How to make a Platform game


Adding a layer

Okay, now we want to add some more objects. However, we're going to keep accidentally selecting the tiled background unless we lock it, making it unselectable. Let's use the layering system to do this.

Layouts can consist of multiple layers, which you can use to group objects. Imagine layers like sheets of glass stacked on top of each other, with objects painted on each sheet. It allows you to easily arrange which objects appear on top of others, and layers can be hidden, locked, have parallax effects applied, and more. For example, in this game, we want everything to display above the tiled background, so we can make another layer on top for our other objects.

To manage layers, click the Layers tab, which usually is next to the Project bar:

You should see Layer 0 in the list (Construct 2 counts starting from zero, since it works better like that in programming). Click the pencil icon and rename it to Background, since it's our background layer. Now click the green 'add' icon to add a new layer for our other objects. Let's call that one Main. Finally, if you click the little padlock icon next to Background, it will become locked. That means you won't be able to select anything on it. That's quite convenient for our tiled background, which is easy to accidentally select and won't need to be touched again. However, if you need to make changes, you can just click the padlock again to unlock.

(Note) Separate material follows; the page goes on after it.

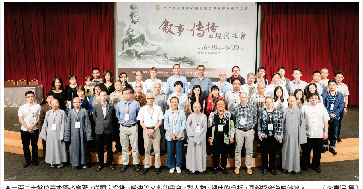
▲一百二十餘位專家學者齊聚，從禪宗燈錄、僧傳等文獻的書寫，對人物、經典的分析，回溯探究漢傳佛教。

【釋演化／臺北報導】六月二十八日至三十日，由聖嚴教育基金會主辦的「第七屆漢傳佛教與聖嚴思想國際學術研討會」，於集思臺大會議中心展開，以「敘事、傳播與現代社會」為主題，參與專家學者約一百二十餘位，發表六十五篇論文，包含三場專題演講，三場佛教與不同專業領域對話的論壇，以及三個專題研討，從禪宗燈錄、僧傳等佛教文獻的書寫，以及學者們對人物、經典、儀軌的分析，回溯探究漢傳佛教內涵的建構，與樣貌的形塑。
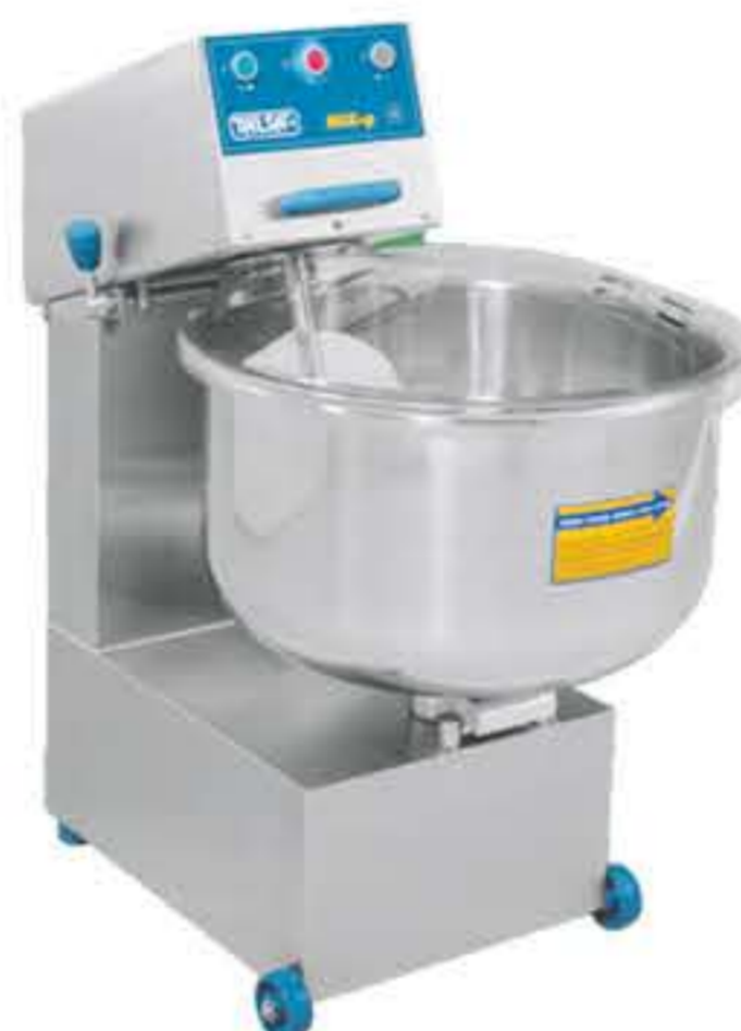
Mix 100 P

The checkboxes also allow you to hide layers in the editor, but we don't need that right now. Your layers bar should now look like this:

Now, make sure the 'Main' layer is selected in the layers bar. This is important - the selected layer is the active layer. All new inserted objects are inserted to the active layer, so if it's not selected, we'll be accidentally inserting to the wrong layer. The active layer is shown in the status bar, and also appears in a tooltip when placing a new object - it's worth keeping an eye on.

Adding tiles

The Jungle Platformer has a tileset in the file Tiles\Tiles.png. Let's import these to a Sprite object and use it as a tile object.

Like you did for Tiled Background, double-click a space in the layout to insert a new object. This time, choose Sprite. The mouse turns to a crosshair again. Click somewhere in the middle of the screen.

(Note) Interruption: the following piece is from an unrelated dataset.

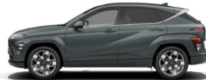
Cypress Green Pearl

The Image Editor opens up, but with some extra windows, because Sprites can be animated. However, we're not going to have the animation playing - its speed will be 0. We'll have a tile in each frame of the animation. Then, we can switch which tile is showing by changing the animation frame.

Right click a space in the Animation Frames pane at the bottom, and pick Import sprite strip.... This lets us cut up grids of images in to animations, which also works with tile maps.

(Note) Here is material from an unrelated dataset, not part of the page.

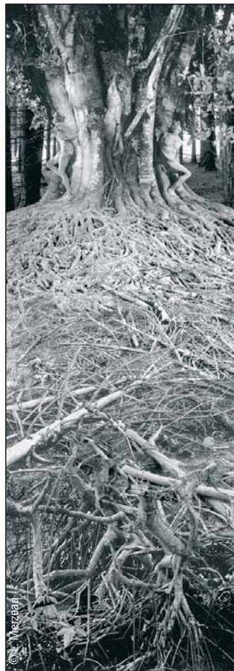
Strates ≠ Les captifs, 1999

À mesure que se développeront les savoirs – intuitifs ou construits – sur les conditions de production des images, on peut cependant espérer que cette ère du soupçon débouche sur une confiance renouvelée. Accepter que le réel n'est connaissable qu'à travers les traitements qu'on lui applique ne signifie pas qu'il soit hors d'atteinte, pas plus qu'une conscience accrue des modalités de la construction du vrai n'annule toute vérité. Du moins pas si ces techniques de traitement font l'objet d'une véritable appropriation, à la fois individuelle et collective. C'est en effet lorsque l'accès aux images n'est pas couplé à un savoir et à un faire qu'elles deviennent potentiellement mensongères. Car « lire véritablement, c'est écrire, ou lire à partir d'un pouvoir-écrire ; et voir véritablement, c'est montrer, ou voir à partir d'un pouvoir-montrer 8 ». En régime analogique, le travail de décodage

A file open dialog appears. Pick the file Tiles\Tiles.png from the sprite pack. Construct 2 then needs to know how many tiles are in the image. You'll notice Tiles.png is a 12x12 grid of tiles. Enter 12 and 12 and click OK.

Give Construct 2 a moment to cut up the tiles. Now you should have all 144 tiles imported as animation frames! We don't need the first blank frame any more though, so right click on it and select delete.

You might want to resize the Animation Frames window bigger to get a better view of your tiles. Also, you can right-click a space and change the thumbnail size to Large if you prefer big thumbnails.

By default the animation speed is 5, which means tiles will keep changing their image. We want tiles to stay on their current frame, so let's make sure the animation speed is 0. Select the Default animation in the Animations window.

The Properties Bar now shows properties for the animation. Set its Speed property to 0.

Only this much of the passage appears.